Required action ->
Lines below starting with the line with "国网阿坝供电公司首次引入大型" and going on through the line with "国债ETF:2月26日融资买入228608万元融资融券余额607426万元" must be output exactly; the rest of the records must be left out.

Data to use ->
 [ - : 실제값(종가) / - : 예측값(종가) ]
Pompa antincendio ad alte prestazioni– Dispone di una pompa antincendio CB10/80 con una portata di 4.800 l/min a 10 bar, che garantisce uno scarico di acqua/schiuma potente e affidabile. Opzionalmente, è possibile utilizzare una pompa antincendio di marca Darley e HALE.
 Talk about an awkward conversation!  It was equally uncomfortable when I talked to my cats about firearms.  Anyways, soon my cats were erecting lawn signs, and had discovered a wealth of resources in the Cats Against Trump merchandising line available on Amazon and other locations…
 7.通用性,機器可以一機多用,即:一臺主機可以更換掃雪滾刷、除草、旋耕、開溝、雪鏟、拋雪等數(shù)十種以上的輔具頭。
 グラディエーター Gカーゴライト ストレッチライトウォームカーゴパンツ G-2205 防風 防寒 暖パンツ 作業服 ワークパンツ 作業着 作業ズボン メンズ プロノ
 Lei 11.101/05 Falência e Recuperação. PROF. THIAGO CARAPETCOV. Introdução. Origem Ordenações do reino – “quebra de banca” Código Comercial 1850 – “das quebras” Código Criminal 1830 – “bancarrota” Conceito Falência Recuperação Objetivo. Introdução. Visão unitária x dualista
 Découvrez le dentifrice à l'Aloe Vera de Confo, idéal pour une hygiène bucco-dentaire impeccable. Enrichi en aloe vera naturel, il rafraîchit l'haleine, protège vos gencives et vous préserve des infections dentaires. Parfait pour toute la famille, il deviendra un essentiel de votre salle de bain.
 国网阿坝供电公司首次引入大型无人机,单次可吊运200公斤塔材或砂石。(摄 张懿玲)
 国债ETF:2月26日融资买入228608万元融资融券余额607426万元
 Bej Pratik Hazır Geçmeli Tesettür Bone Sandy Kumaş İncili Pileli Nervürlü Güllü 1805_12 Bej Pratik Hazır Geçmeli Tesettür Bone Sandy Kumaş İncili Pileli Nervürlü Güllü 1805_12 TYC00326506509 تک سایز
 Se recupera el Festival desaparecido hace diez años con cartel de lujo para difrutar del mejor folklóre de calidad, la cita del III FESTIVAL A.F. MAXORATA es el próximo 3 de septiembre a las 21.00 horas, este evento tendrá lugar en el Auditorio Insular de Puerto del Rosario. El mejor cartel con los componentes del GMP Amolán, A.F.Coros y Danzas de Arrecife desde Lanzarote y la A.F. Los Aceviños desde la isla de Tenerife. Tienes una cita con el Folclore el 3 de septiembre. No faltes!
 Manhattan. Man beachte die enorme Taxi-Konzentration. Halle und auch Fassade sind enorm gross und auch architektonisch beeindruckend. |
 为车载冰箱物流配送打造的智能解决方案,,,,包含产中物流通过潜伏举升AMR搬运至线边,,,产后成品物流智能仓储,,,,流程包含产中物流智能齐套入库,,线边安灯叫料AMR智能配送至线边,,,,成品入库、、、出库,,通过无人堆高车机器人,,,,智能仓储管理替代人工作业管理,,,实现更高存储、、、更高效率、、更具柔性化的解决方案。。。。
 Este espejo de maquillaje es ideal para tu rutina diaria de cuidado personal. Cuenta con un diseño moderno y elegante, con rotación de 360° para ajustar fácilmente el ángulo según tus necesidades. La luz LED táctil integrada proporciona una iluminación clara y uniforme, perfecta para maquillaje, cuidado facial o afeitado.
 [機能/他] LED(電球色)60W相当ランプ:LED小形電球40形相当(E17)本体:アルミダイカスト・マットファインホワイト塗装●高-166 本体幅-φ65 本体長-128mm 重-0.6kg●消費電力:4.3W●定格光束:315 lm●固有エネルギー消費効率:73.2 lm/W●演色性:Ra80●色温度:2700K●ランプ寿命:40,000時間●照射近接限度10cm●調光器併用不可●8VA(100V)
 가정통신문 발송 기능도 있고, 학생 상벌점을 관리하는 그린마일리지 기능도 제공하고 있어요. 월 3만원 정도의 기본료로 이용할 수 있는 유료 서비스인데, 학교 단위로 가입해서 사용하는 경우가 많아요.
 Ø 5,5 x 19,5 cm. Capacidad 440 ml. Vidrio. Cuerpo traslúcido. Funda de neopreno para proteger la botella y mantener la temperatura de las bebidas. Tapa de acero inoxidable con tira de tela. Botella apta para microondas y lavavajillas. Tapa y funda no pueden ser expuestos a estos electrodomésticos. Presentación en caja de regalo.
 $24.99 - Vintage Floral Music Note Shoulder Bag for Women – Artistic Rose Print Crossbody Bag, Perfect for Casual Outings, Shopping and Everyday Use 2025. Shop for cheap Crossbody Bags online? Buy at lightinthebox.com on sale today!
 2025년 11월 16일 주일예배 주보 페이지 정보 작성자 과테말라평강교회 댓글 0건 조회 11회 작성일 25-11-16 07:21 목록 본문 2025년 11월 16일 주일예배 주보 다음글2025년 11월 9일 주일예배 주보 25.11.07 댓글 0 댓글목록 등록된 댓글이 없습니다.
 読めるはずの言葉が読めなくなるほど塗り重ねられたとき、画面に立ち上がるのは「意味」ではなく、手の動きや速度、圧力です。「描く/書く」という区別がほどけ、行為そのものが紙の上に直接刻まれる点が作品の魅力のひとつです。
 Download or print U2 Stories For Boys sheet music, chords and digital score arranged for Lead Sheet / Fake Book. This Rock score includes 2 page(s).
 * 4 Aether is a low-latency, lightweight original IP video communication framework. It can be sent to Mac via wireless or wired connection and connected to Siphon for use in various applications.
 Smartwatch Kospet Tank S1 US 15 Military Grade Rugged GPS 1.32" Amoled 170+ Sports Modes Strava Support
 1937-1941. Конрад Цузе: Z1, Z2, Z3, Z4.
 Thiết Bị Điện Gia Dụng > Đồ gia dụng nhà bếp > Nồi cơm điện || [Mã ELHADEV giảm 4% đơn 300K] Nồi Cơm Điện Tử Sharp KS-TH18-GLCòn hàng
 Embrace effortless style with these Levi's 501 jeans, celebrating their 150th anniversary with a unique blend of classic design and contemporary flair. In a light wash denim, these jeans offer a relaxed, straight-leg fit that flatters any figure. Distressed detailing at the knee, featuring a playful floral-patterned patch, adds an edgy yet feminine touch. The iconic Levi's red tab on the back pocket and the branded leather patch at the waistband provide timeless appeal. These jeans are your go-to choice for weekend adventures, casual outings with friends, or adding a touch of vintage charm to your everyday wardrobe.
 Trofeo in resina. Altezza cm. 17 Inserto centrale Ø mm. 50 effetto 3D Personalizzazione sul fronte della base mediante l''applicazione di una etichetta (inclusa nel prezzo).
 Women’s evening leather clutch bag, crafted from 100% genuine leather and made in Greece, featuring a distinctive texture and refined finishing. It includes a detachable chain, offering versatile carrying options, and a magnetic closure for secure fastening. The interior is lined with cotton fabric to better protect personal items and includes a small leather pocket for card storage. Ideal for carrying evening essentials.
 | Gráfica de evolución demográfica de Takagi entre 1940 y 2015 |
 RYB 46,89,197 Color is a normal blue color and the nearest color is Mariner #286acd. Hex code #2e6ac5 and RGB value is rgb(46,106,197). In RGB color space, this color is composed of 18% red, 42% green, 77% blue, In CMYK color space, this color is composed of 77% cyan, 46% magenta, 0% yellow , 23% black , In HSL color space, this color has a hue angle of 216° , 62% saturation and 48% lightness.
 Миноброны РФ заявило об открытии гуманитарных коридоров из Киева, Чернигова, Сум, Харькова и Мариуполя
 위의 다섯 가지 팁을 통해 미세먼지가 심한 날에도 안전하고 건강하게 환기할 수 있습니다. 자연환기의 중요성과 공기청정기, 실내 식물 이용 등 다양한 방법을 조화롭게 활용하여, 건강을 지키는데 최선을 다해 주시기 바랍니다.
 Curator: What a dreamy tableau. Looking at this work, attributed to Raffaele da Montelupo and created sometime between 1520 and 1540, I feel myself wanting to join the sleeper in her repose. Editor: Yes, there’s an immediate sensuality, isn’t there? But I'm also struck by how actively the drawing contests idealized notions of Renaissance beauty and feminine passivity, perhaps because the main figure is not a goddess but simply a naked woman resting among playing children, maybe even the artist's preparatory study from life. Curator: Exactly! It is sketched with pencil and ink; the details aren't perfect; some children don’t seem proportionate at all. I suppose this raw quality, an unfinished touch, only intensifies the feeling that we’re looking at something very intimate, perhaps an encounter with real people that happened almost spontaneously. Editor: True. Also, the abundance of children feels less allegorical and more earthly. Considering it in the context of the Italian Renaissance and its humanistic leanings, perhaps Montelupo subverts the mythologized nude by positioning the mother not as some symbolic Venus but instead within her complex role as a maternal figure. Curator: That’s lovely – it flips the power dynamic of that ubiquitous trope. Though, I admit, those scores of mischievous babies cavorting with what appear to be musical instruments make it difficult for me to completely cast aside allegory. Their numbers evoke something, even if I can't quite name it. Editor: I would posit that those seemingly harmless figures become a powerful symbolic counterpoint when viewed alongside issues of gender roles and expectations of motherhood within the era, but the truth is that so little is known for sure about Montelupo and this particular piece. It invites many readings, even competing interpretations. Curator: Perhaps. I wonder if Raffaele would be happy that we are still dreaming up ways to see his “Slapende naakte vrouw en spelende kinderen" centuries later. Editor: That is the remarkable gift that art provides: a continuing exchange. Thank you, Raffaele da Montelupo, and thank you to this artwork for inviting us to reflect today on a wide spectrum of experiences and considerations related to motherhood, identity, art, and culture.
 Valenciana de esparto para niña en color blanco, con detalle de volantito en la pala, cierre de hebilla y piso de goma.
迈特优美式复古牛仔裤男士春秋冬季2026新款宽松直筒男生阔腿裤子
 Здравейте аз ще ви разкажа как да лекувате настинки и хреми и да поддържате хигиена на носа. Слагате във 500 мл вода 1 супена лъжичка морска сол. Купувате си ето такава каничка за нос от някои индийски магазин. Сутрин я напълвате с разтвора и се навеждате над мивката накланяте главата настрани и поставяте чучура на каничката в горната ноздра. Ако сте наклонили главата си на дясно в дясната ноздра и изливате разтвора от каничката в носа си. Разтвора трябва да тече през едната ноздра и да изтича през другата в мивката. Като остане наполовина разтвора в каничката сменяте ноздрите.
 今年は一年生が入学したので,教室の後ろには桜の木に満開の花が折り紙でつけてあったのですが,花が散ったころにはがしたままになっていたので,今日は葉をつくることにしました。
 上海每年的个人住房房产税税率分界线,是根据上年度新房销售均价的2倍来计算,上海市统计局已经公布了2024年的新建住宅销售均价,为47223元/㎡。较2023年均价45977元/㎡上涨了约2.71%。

Written response ->
 国网阿坝供电公司首次引入大型无人机,单次可吊运200公斤塔材或砂石。(摄 张懿玲)
 国债ETF:2月26日融资买入228608万元融资融券余额607426万元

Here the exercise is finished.